◆ **Your task**:
Once the line containing "- With melatonin" is found in the records below, return it and each following line exactly, up to and including the line containing "但是如果把这种状态又落回到真", and nothing else.

◆ **Input**:

-*-

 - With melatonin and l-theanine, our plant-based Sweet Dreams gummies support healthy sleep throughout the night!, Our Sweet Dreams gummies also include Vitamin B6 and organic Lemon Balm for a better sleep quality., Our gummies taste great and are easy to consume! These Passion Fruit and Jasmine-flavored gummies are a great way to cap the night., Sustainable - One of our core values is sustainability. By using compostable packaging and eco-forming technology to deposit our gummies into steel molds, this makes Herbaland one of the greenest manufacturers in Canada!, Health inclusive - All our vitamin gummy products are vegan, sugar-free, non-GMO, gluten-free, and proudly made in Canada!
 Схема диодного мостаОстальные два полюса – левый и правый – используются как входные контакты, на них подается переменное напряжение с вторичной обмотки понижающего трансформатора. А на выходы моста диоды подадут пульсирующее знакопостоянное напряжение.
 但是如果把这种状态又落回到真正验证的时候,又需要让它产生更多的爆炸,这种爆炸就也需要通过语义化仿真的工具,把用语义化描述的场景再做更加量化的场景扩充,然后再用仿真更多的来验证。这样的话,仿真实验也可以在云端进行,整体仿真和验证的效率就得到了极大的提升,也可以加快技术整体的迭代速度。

-*-

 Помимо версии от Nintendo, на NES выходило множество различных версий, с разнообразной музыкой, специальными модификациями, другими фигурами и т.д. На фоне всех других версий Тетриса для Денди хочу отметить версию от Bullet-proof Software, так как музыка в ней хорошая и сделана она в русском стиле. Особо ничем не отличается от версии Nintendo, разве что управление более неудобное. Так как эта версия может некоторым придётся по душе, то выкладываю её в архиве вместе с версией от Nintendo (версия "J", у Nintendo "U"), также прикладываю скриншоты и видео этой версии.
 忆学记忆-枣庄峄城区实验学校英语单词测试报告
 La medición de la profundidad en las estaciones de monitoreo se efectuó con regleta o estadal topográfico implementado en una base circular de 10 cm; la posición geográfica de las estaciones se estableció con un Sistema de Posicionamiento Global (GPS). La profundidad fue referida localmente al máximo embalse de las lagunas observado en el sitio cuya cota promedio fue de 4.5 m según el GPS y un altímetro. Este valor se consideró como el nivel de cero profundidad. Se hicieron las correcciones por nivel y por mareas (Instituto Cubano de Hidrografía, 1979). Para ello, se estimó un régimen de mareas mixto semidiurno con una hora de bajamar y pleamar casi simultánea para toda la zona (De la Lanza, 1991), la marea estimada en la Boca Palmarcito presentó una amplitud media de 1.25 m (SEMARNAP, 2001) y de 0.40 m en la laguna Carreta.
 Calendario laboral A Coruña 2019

-*-

◆ **Solution for this task**:
 - With melatonin and l-theanine, our plant-based Sweet Dreams gummies support healthy sleep throughout the night!, Our Sweet Dreams gummies also include Vitamin B6 and organic Lemon Balm for a better sleep quality., Our gummies taste great and are easy to consume! These Passion Fruit and Jasmine-flavored gummies are a great way to cap the night., Sustainable - One of our core values is sustainability. By using compostable packaging and eco-forming technology to deposit our gummies into steel molds, this makes Herbaland one of the greenest manufacturers in Canada!, Health inclusive - All our vitamin gummy products are vegan, sugar-free, non-GMO, gluten-free, and proudly made in Canada!
 Схема диодного мостаОстальные два полюса – левый и правый – используются как входные контакты, на них подается переменное напряжение с вторичной обмотки понижающего трансформатора. А на выходы моста диоды подадут пульсирующее знакопостоянное напряжение.
 但是如果把这种状态又落回到真正验证的时候,又需要让它产生更多的爆炸,这种爆炸就也需要通过语义化仿真的工具,把用语义化描述的场景再做更加量化的场景扩充,然后再用仿真更多的来验证。这样的话,仿真实验也可以在云端进行,整体仿真和验证的效率就得到了极大的提升,也可以加快技术整体的迭代速度。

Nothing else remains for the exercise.